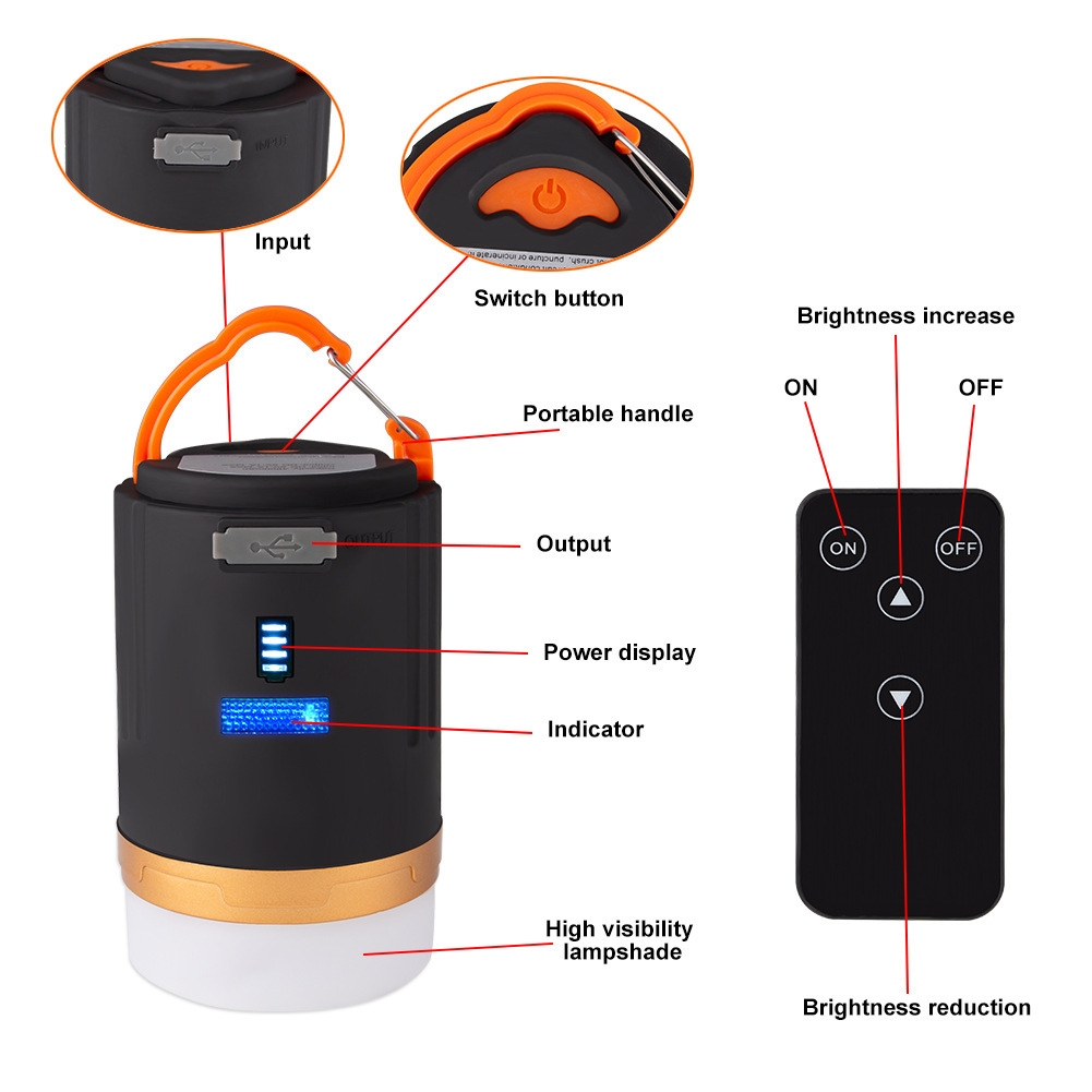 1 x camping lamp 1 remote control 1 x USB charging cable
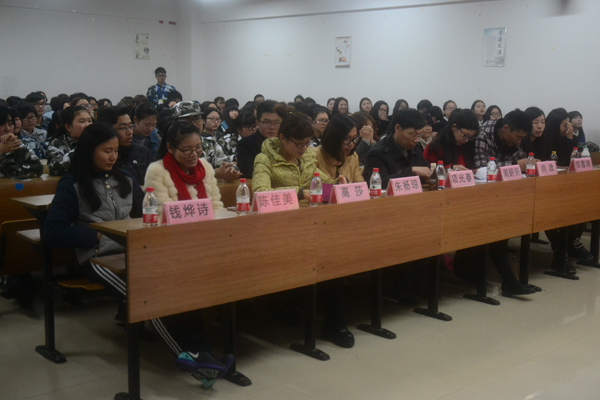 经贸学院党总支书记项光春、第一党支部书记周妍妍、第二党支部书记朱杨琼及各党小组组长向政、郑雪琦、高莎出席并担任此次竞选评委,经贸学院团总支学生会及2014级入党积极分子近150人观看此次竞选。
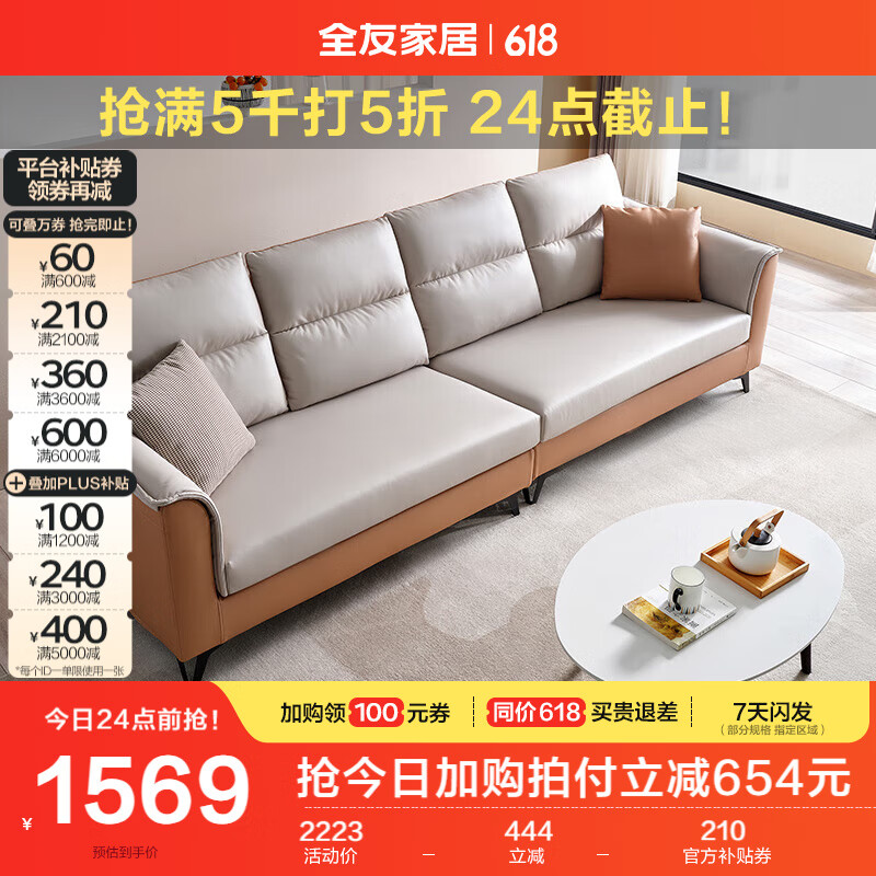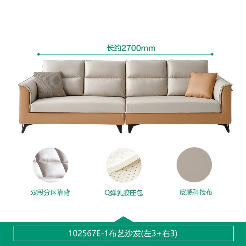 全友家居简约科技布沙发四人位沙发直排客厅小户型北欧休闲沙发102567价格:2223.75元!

PROBLEM DESCRIPTION => The whole listing should be restated word for word, with no pictures.

OUTPUT OF THE EXERCISE =>
 1 x camping lamp 1 remote control 1 x USB charging cable
 经贸学院党总支书记项光春、第一党支部书记周妍妍、第二党支部书记朱杨琼及各党小组组长向政、郑雪琦、高莎出席并担任此次竞选评委,经贸学院团总支学生会及2014级入党积极分子近150人观看此次竞选。
 全友家居简约科技布沙发四人位沙发直排客厅小户型北欧休闲沙发102567价格:2223.75元!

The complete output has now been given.